Interest in USDJPY is still low. Order books at top banks show very little interest, with offers above ¥78.50 and bids down to ¥77.60.
Extreme funding strains continued in the swaps market, despite the recent announcement from the Federal Reserve and other global central banks to lower the cost of their dollar swap facilities.
The premium paid for dollar funding has risen sharply since the start of the week and the intensification of the slide in EURUSD.
The benchmark EURUSD three-month cross-currency basis swap, which last Thursday was standing at -116 basis points, widened out to -155bp at one point on Wednesday. That is not far from the post-Lehman record of -162bp it hit before global central banks moved to inject dollar liquidity into the market.
The options market might have been complacent in appropriately pricing in EURUSD move to 11-month lows, said options strategists at a top European bank.
|EURUSD 1m implied vol vs spot|
|Source: Societe Generale|
While implied volatility has been on the rise, this is less than could have been expected given the recent spot/vol relationship and the current level of risk reversals. EURUSD one-month implied volatility is trading at 15.2. The last time vols reached this level was when spot was at $1.35 – and when EURUSD last dipped below $1.32 in October, vols were up above 17.
On Monday, three-month implied volatility and risk reversals were 15.3 and -3.6 respectively. At these levels, a move down to 1.30 would drive the three-month vol to 15.95, while it has been trading at 15.65 in the market so far.
What to look for
“Despite the risk of further weakness in the global growth outlook, on the basis that China is able to avoid a hard landing, short EURAUD could be worth a bet at these levels,” says Stephen Gallo at SchneiderFX.
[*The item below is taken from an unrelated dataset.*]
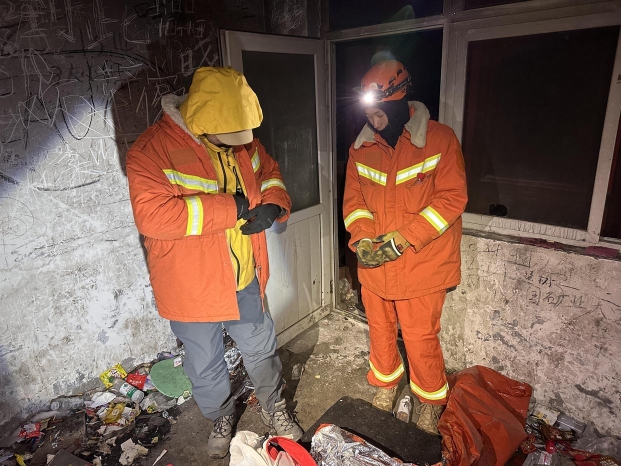 为少年穿上棉衣。途中,考虑到被困少年衣着单薄,存在失温风险,救援人员顶着大风、冒着严寒,踏着结冰道路,全力攀爬。一个半小时后,救援人员终于在废弃小屋内找到了被困者。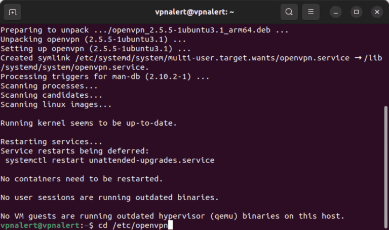 - 類型 ”sudo apt-get 安裝 openvpn”來安裝 OpenVPN。

Later in 2012, persistent strains in the eurozone could also add further weight on EURAUD, as reserve flows continue to keep their distance from both USD and EUR.
As such, commodity-linked AAA-rated currencies, such as AUD and CAD, might not fall as much as some expect due to demand for safe homes for FX reserves.
“The bottom line is that we may finally be ripe for levels between A$1.2750 and A$1.29 in the pair,” says Gallo.